CVE Risk Scoring Model (Mistral-7B QLoRA)

📋 Model Description

This model is a fine-tuned version of mistralai/Mistral-7B-Instruct-v0.2 specifically optimized for CVE (Common Vulnerabilities and Exposures) risk assessment and CVSS scoring.

Key Features

🎯 Predicts CVSS scores (0-10 scale)
🚨 Classifies severity levels (Critical, High, Medium, Low)
🔍 Analyzes attack vectors (Network, Adjacent, Local, Physical)
⚡ Assesses exploitability (Access complexity, authentication requirements)
🛡️ Evaluates impact (Confidentiality, Integrity, Availability)
🏷️ Identifies CWE categories (Common Weakness Enumeration)

🚀 Quick Start

Installation

pip install transformers torch peft bitsandbytes accelerate

Basic Usage

from transformers import AutoTokenizer, AutoModelForCausalLM
import torch

# Load model and tokenizer
model_id = "Swapnanil09/cve-risk-scoring-mistral-qlora"
tokenizer = AutoTokenizer.from_pretrained(model_id)
model = AutoModelForCausalLM.from_pretrained(
    model_id,
    torch_dtype=torch.float16,
    device_map="auto"
)

# Prepare prompt
prompt = """<s>[INST] You are a cybersecurity risk assessment model.

Analyze the following CVE and provide:
- CVSS score
- Severity
- Attack Vector
- Access Complexity
- Impact (Confidentiality, Integrity, Availability)

CVE Description:
A remote code execution vulnerability exists in Apache Log4j2 when configured to use a JNDI Lookup.
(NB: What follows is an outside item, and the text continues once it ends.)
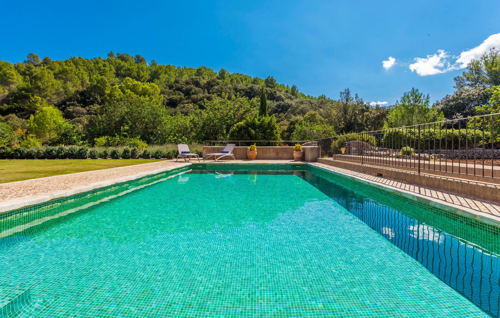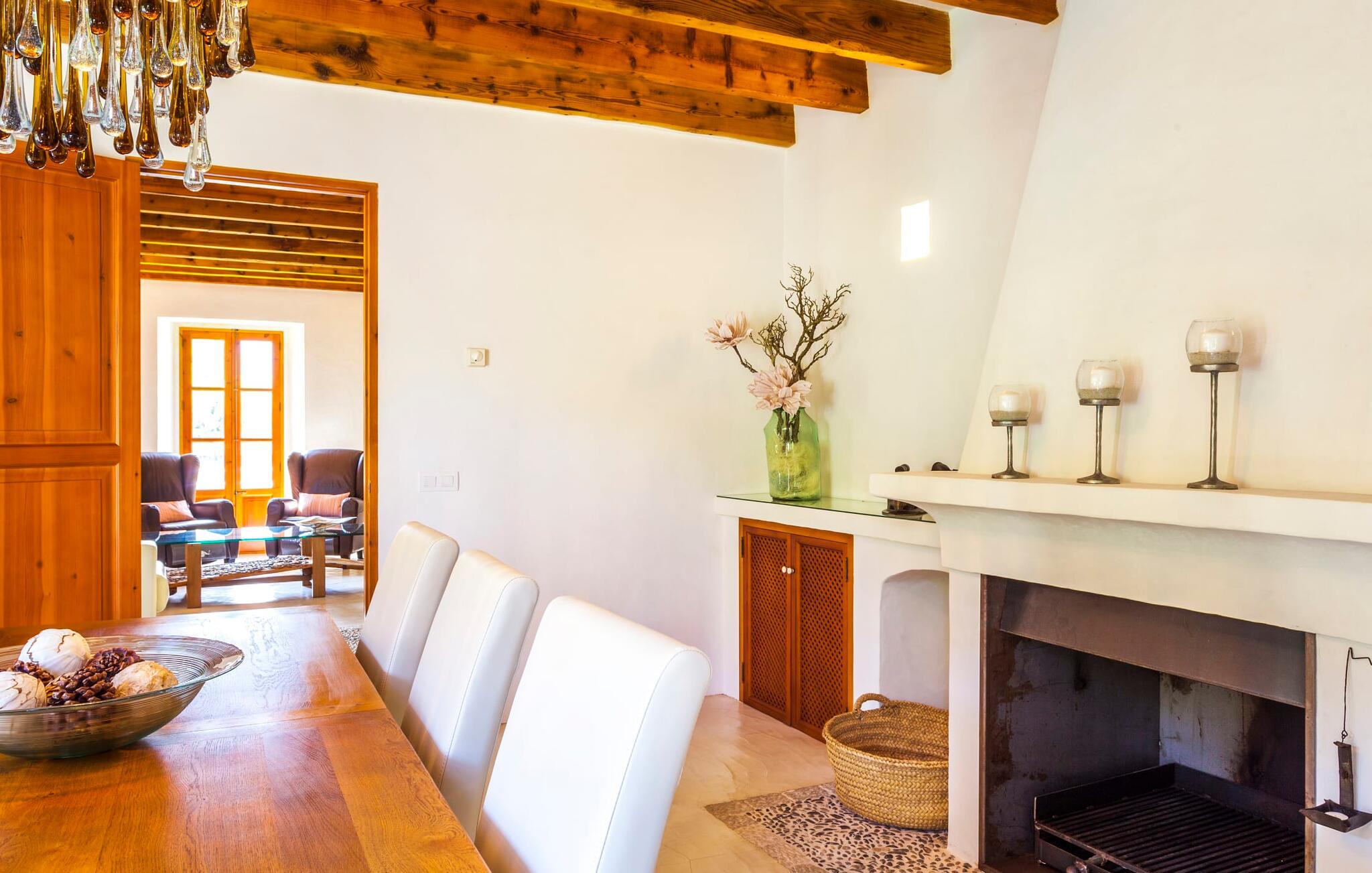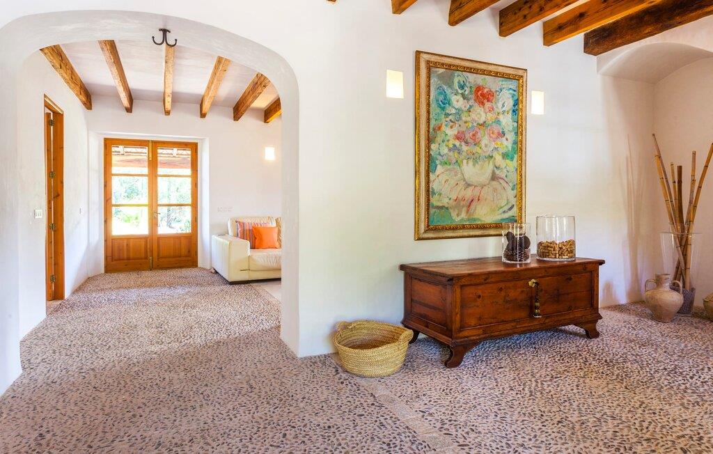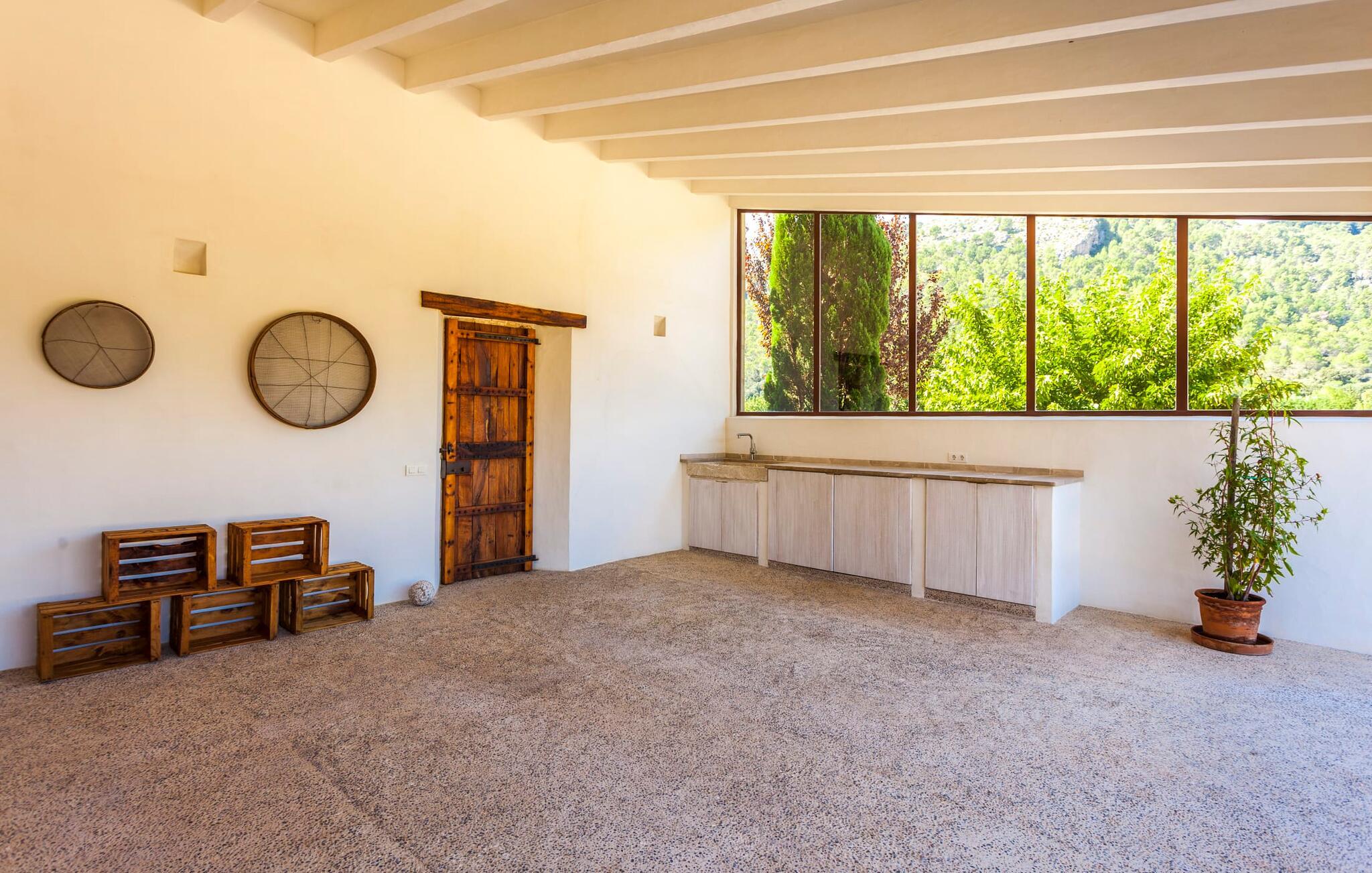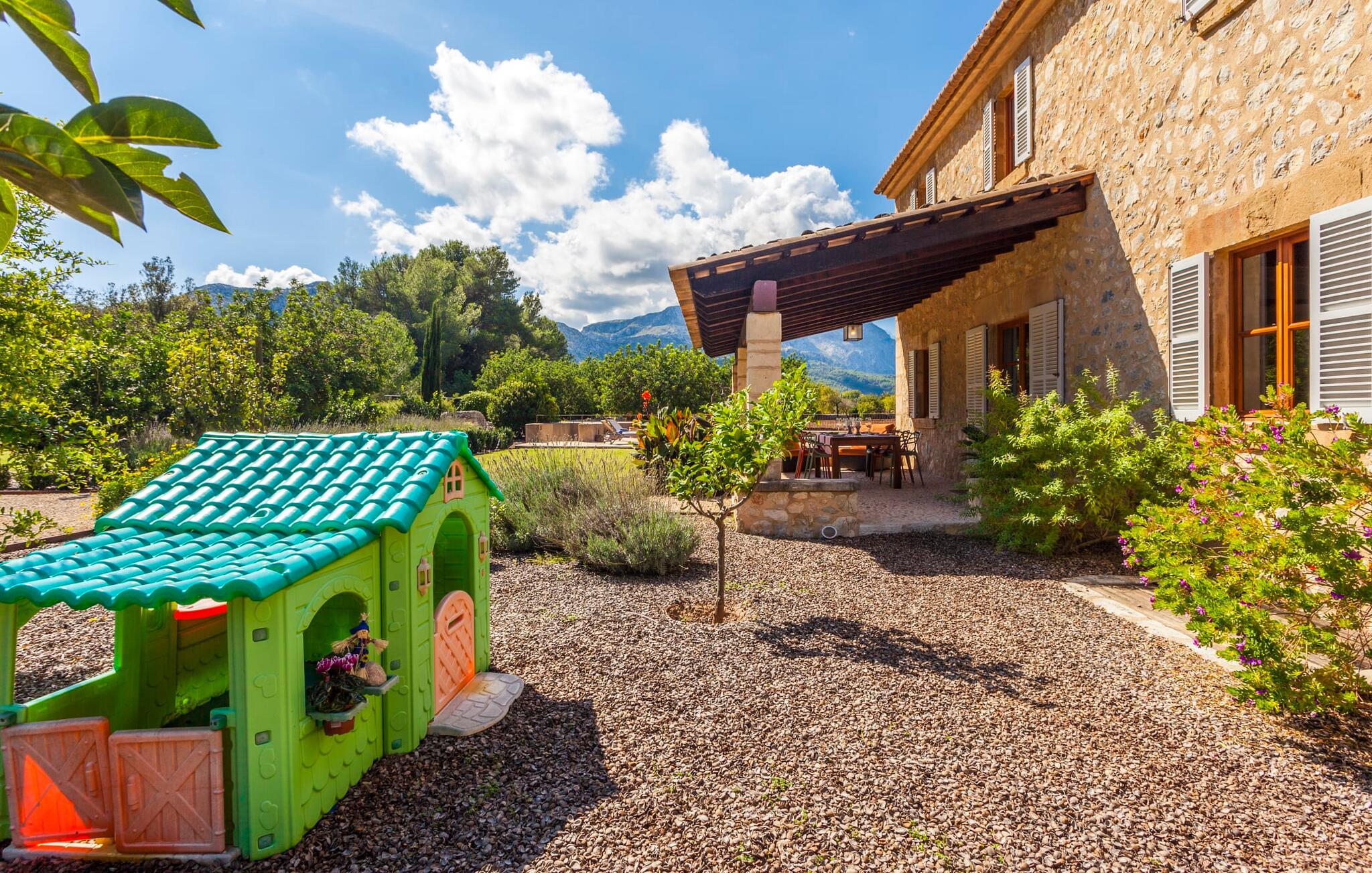 For at sige det kort: alt er lige her. Modernitet og stil møder rustikt og naturligt design. Der er også en velholdt have og møbler af høj kvalitet - for ikke at nævne den fantastiske udsigt, der vil betage enhver besøgende. Villaen med det vidunderlige navn "La Rovina" ligger i maleriske omgivelser, omgivet af middelhavsbuske, palmer og skovklædte bakker - dette er i sandhed Mallorca. Poolen med trappegulve og en smuk naturlig terrasse lover masser af svømmesjov og en afslappende tid på ferien. Der er også liggestole og en smart pergola, der giver behagelig skygge. Børnegyngen er placeret ved poolen, så I kan holde øje med de små, selv når I ligger ned. Der er også et legehus og en sandkasse til børnene. Bag huset finder I en overdækket terrasse med rustikt træbord og stilfulde stole. Herfra kan I nyde en vidunderlig udsigt over den frodige grønne have, som er nænsomt designet ned til mindste detalje. Et vidunderligt sted at afslutte en mild sommeraften. En flaske spansk rødvin med et par oliven og duften af lavendel fylder jeres næse. I kan nyde fuldstændig privatliv på ejendommen - ikke så mærkeligt, da selve ejendommen er 40.000 m² stor. En normal, delvist asfalteret jordvej fører direkte til huset, hvor der er parkering til op til otte biler og to garagepladser. Den gode nyhed er, at La Rovinas interiørdesign matcher charmen ved dets ydre. Der er moderne udstyr af høj kvalitet overalt, men det sker ikke på bekostning af komforten; her er meget hyggeligt. Store værelser, lyse vinduer, smart indretning og sofistikeret tilbehør viser villaen fra sin bedste side. Den rummelige veranda fører direkte ind i stuen med pejs, fladskærms-tv og lædermøbler. Varme farver blander sig problemfrit med omhyggeligt udvalgte træaccenter, mens åbne altaner og stengulve fremhæver den naturlige skønhed og atmosfære. Lige ved siden af finder I den fremragende spisestue med pejs og åben passage til køkkenet. Her bliver hver madlavningsaften sammen en skøn lejlighed. I alt har den to-etagers villa tre soveværelser (to med enkeltsenge, et med dobbeltseng) og fire meget moderne badeværelser. Lidt ekstra – myggenet, der ikke kun forhindrer irriterende bid, men også giver ekstra komfort. "La Rovina" ligger direkte på kanten af Tramuntana-bjergene, omkring 2,5 km vest for Pollença, i den nordlige del af Mallorca. Placeringen af den rustikt designede moderne villa kunne næsten ikke være mere malerisk - udsigten er simpelthen betagende. Shopping kan nemt gøres til fods, og den smukke strand Platja de Port de Pollença ligger lidt over 7 km væk. Det populære feriested Alcúdia er heller ikke mere end en halv time væk. Bemærk venligst, at denne ejendom ikke accepterer ungdomsgrupper eller polterabender. En ungdomsgruppe på denne ejendom består af personer under 30 år. Book ikke denne ejendom, hvis I er en ungdomsgruppe eller polterabend, da jeres reservation vil blive afvist, når den er booket, hvilket også kan være tilfældet ved ankomst til ejendommen eller under jeres ophold, og I vil ikke modtage en refusion

An attacker can exploit this by sending a crafted request containing a malicious JNDI lookup string.
[/INST]"""

# Generate prediction
inputs = tokenizer(prompt, return_tensors="pt").to(model.device)
outputs = model.generate(
    **inputs,
    max_new_tokens=256,
    temperature=0.7,
    do_sample=True,
    top_p=0.9,
    repetition_penalty=1.1
)

prediction = tokenizer.decode(outputs[0], skip_special_tokens=True)
print(prediction)

Expected Output

CVSS Score: 9.8
Severity: Critical
Attack Vector: NETWORK
Access Complexity: LOW
Access Authentication: NONE
Impact - Confidentiality: COMPLETE
Impact - Integrity: COMPLETE
Impact - Availability: COMPLETE
CWE: CWE-502 - Deserialization of Untrusted Data

📊 Performance Metrics

Metric	Value
MAE (CVSS Score)	0.85
RMSE (CVSS Score)	1.23
Accuracy within ±1.0	78.9%
Accuracy within ±2.0	92.6%
Severity Classification Accuracy	85.0%

Detailed Classification Report

Severity	Precision	Recall	F1-Score
Critical	0.89	0.85	0.87
High	0.83	0.88	0.85
Medium	0.82	0.79	0.80
Low	0.88	0.92	0.90

🔧 Training Details

Base Model

Model: mistralai/Mistral-7B-Instruct-v0.2
Architecture: Decoder-only transformer (7B parameters)

Fine-Tuning Method

Technique: QLoRA (Quantized Low-Rank Adaptation)
Quantization: 4-bit NF4 with double quantization
LoRA Configuration:
- Rank (r): 16
- Alpha: 32
- Target modules: q_proj, k_proj, v_proj, o_proj
- Dropout: 0.05

Training Hyperparameters

Optimizer: AdamW (8-bit paged)
Learning Rate: 3e-4
Batch Size: 8 (per device)
Gradient Accumulation: 1
Epochs: 1
Max Sequence Length: 256 tokens
Precision: bfloat16
Warmup Steps: 10

Dataset

Source: Custom CVE dataset with CVSS v2/v3 annotations
Size: ~80,000 CVE entries
Train/Eval Split: 90/10
Features:
- CVE descriptions
- CVSS base scores
- Attack vectors
- Access complexity
- Impact metrics (CIA triad)
- CWE classifications

📚 Use Cases

1. Security Operations Centers (SOC)

Automatically triage and prioritize vulnerability alerts based on predicted severity and CVSS scores.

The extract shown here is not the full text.